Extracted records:
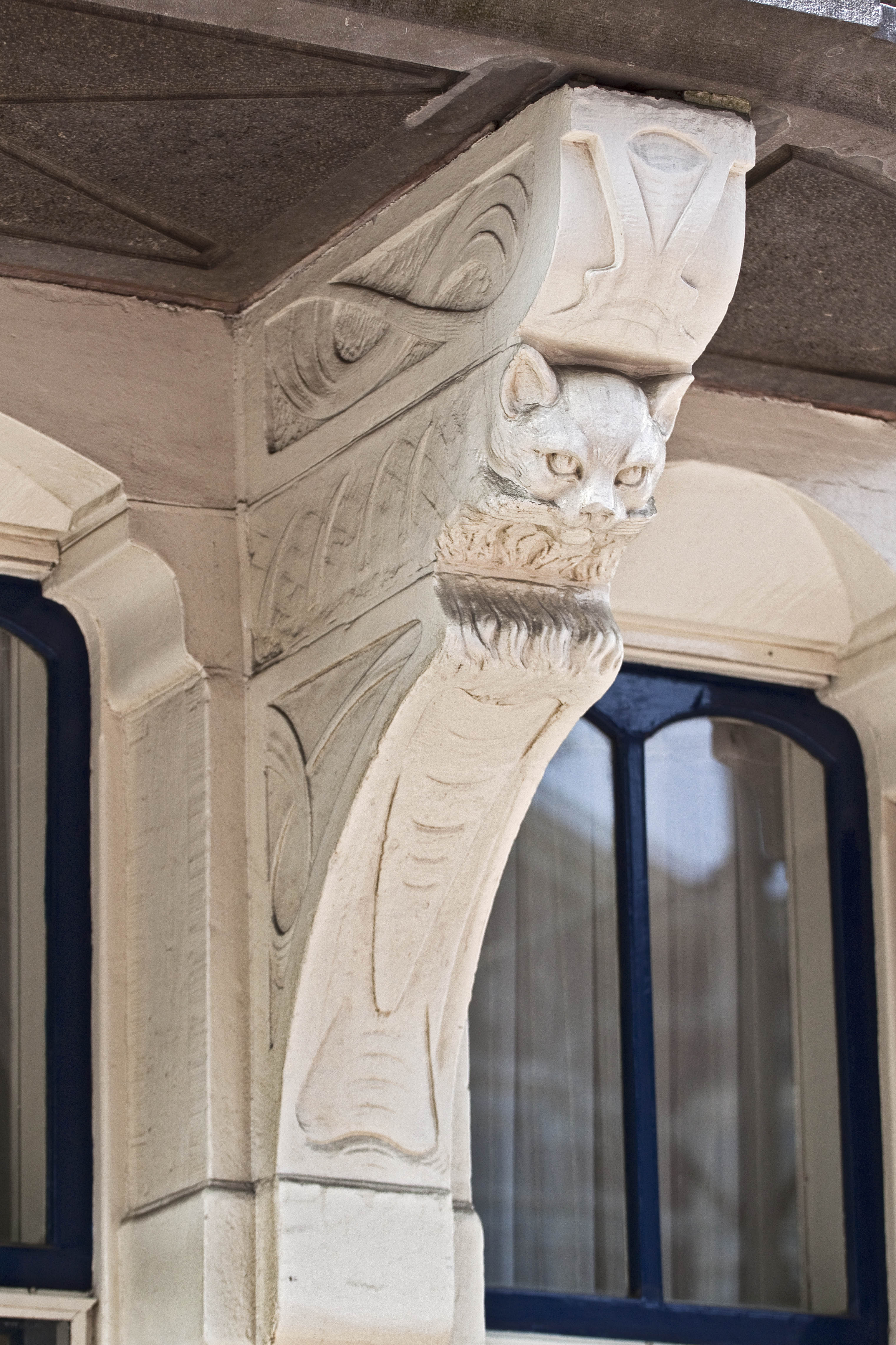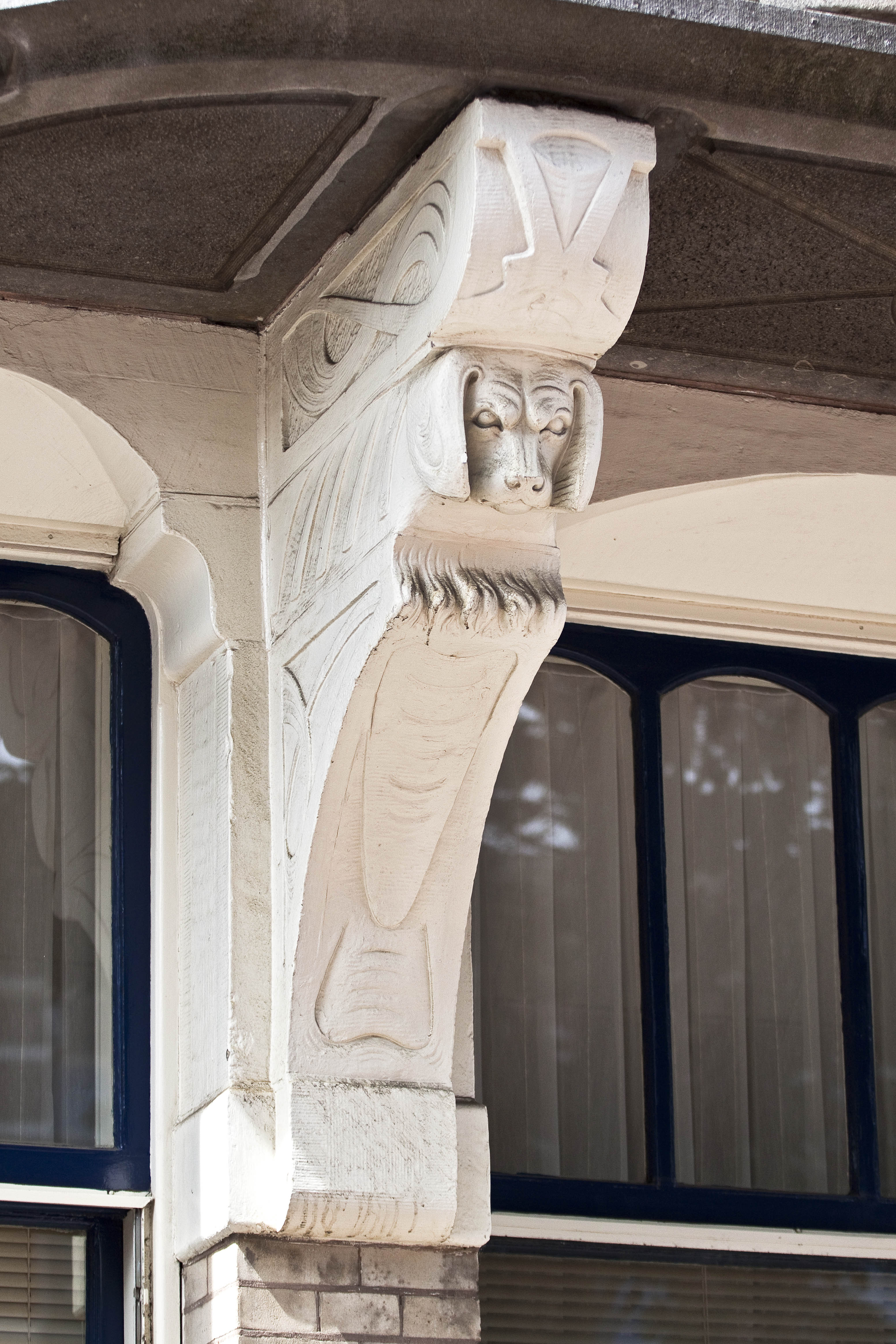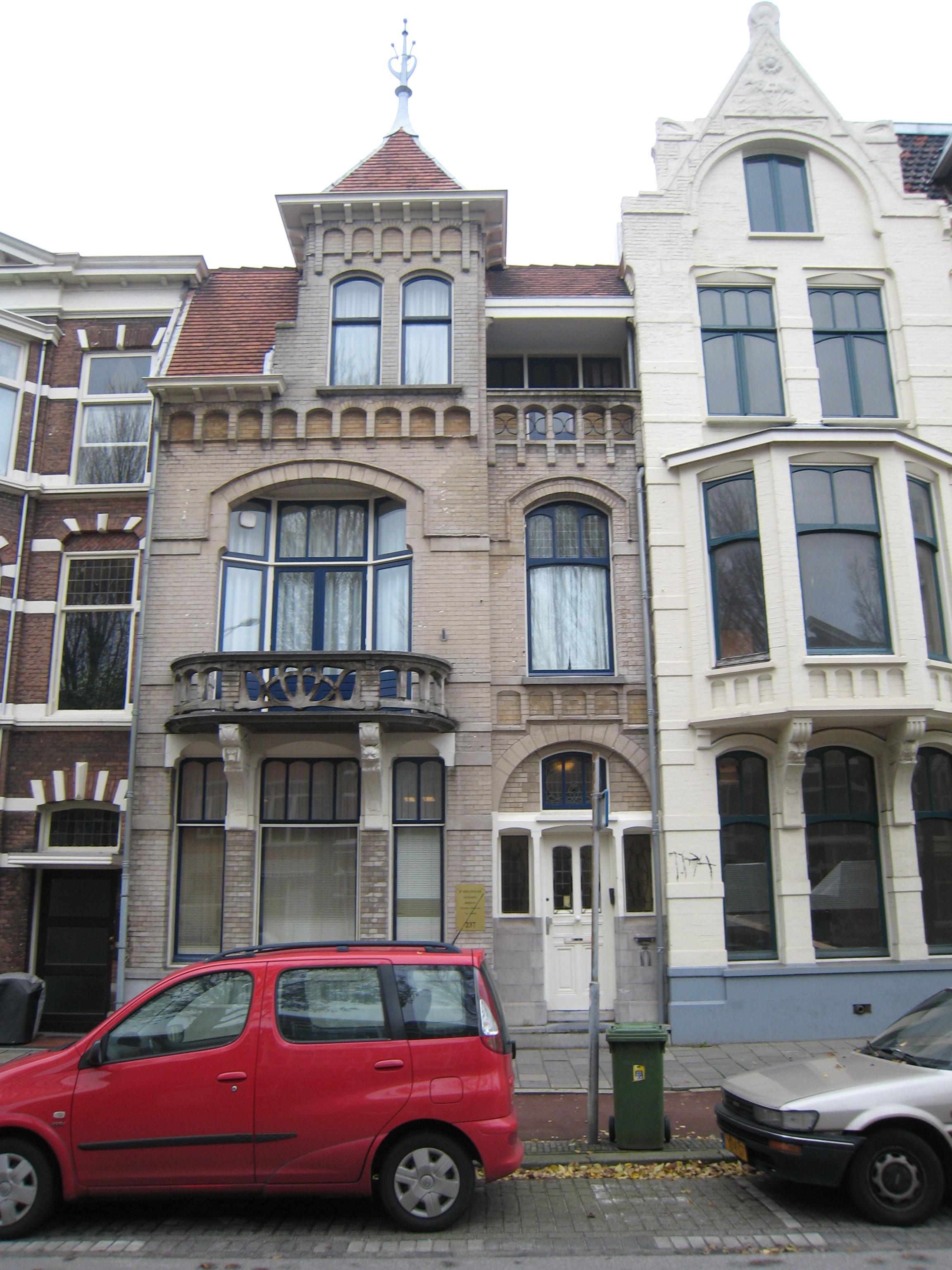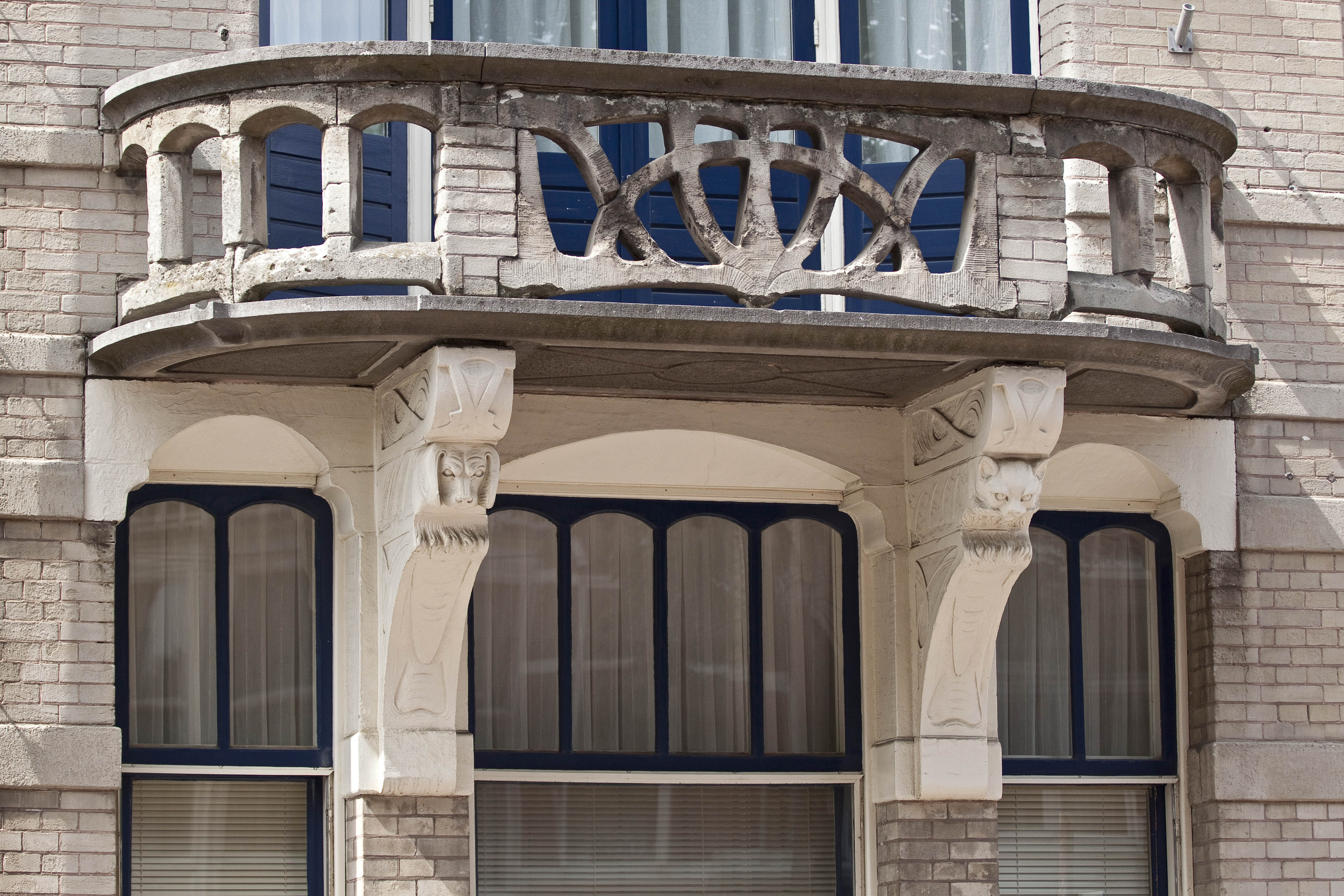 Herenhuis uit het begin van de 20e eeuw, waarvan de gevel met name in de decoratieve behandeling van het balcon met consoles Art-Nouveau-vormen vertoont.
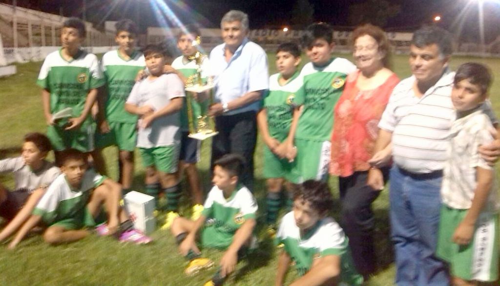En las fotos, el equipo campeón de San Martín de El Bañado y Los Sureños junto a los integrantes de la familia Avellaneda.
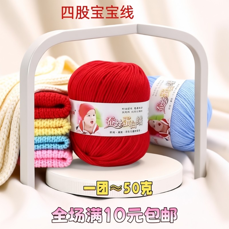 蚕丝不起球毛线手工编织儿童牛奶棉毛衣围巾线diy材料包宝宝红色
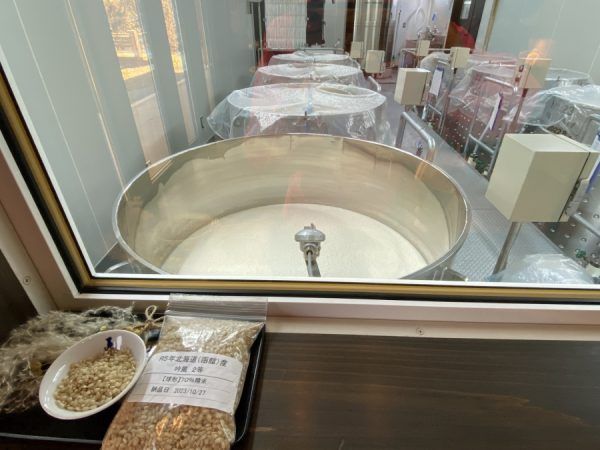 ぷくぷくぷくと発酵の様子がわかります。大きなタンクではなく、手作りの伝統的手法で作られるお酒を窓越しで見ることができました。
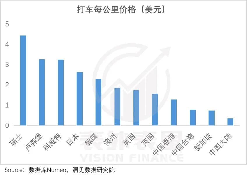 而这不是个例,可以看到,相比于中国大陆0.35美元/公里、随叫随到的打车服务,中国香港打的每公里收费约1.28美元,且就算成功上车也可能被堵在半路。
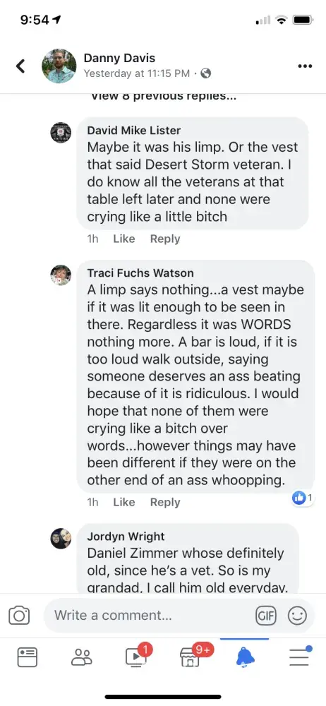 I see that your nurses carry their selves very unprofessional outside of work. I veteran was ill approached at a bar here locally and this nurse is talking crudely towards others in the post that was brought to Facebook. Really surprised me at the words used and her undertones. I will not be back to donate if this is the professionalisms of the nurses on how they talk about our war veterans.

§ **WHAT IS EXPECTED**
Reproduce each entry precisely, dropping only the pictures.

§ **EXERCISE RESPONSE**
 Herenhuis uit het begin van de 20e eeuw, waarvan de gevel met name in de decoratieve behandeling van het balcon met consoles Art-Nouveau-vormen vertoont.
En las fotos, el equipo campeón de San Martín de El Bañado y Los Sureños junto a los integrantes de la familia Avellaneda.
 蚕丝不起球毛线手工编织儿童牛奶棉毛衣围巾线diy材料包宝宝红色
 ぷくぷくぷくと発酵の様子がわかります。大きなタンクではなく、手作りの伝統的手法で作られるお酒を窓越しで見ることができました。
 而这不是个例,可以看到,相比于中国大陆0.35美元/公里、随叫随到的打车服务,中国香港打的每公里收费约1.28美元,且就算成功上车也可能被堵在半路。
 I see that your nurses carry their selves very unprofessional outside of work. I veteran was ill approached at a bar here locally and this nurse is talking crudely towards others in the post that was brought to Facebook. Really surprised me at the words used and her undertones. I will not be back to donate if this is the professionalisms of the nurses on how they talk about our war veterans.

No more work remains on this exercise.